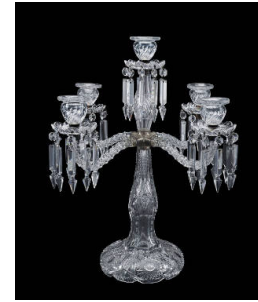
Title: Candelabra Primary Maker: T.G. Hawkes & Company Medium: cut glass with silver
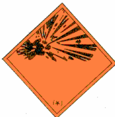
EXPLOSIVE SUBSTANCES (WASTE)

Symbol (exploding bomb): black; Background: light orange
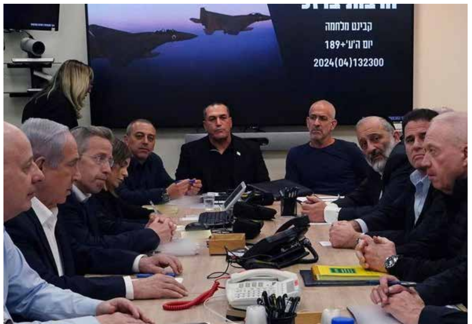
Israel's war cabinet and others meeting Sunday
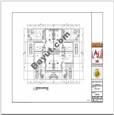
Villa For Sale
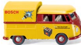
0789 03 VW T1 twin cab with tarpaulin
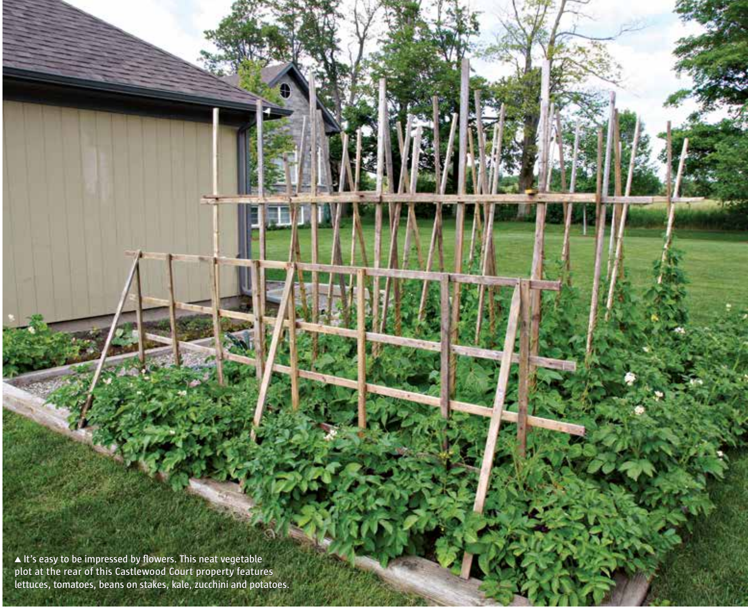
▲ It's easy to be impressed by flowers. This neat vegetable plot at the rear of this Castlewood Court property features lettuces, tomatoes, beans on stakes, kale, zucchini and potatoes.
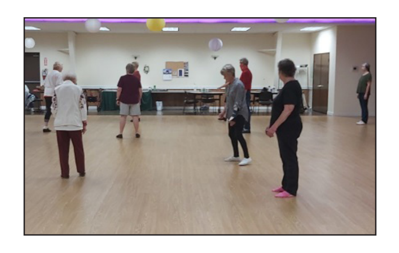
Line Dancers Learning New Steps
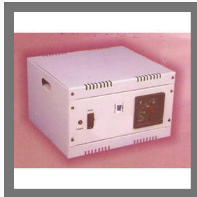
Automatic Step Up Voltage Stabilizer
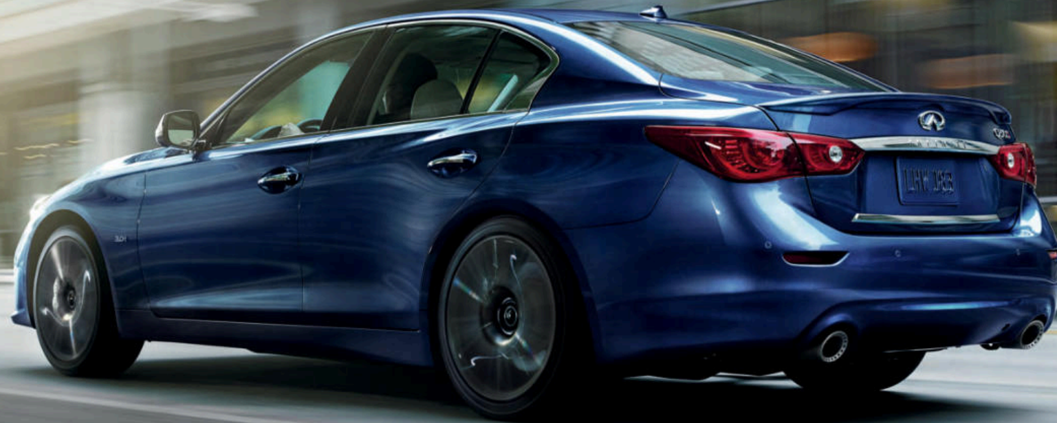
Vehicle shown with accessory rear decklid spoiler.

KEEP YOUR DISTANCE Distance Control Assist 1,7 looks ahead and warns you if your following distance becomes too short. If detected, and you do not take your foot off the accelerator pedal, the system will partially engage the brakes and push back on the accelerator pedal.

★ ★ ★ ★

## Description of the task
Search the entries for the string "with". Copy every line that has it.

## Output below
Title: Candelabra Primary Maker: T.G. Hawkes & Company Medium: cut glass with silver
0789 03 VW T1 twin cab with tarpaulin
Vehicle shown with accessory rear decklid spoiler.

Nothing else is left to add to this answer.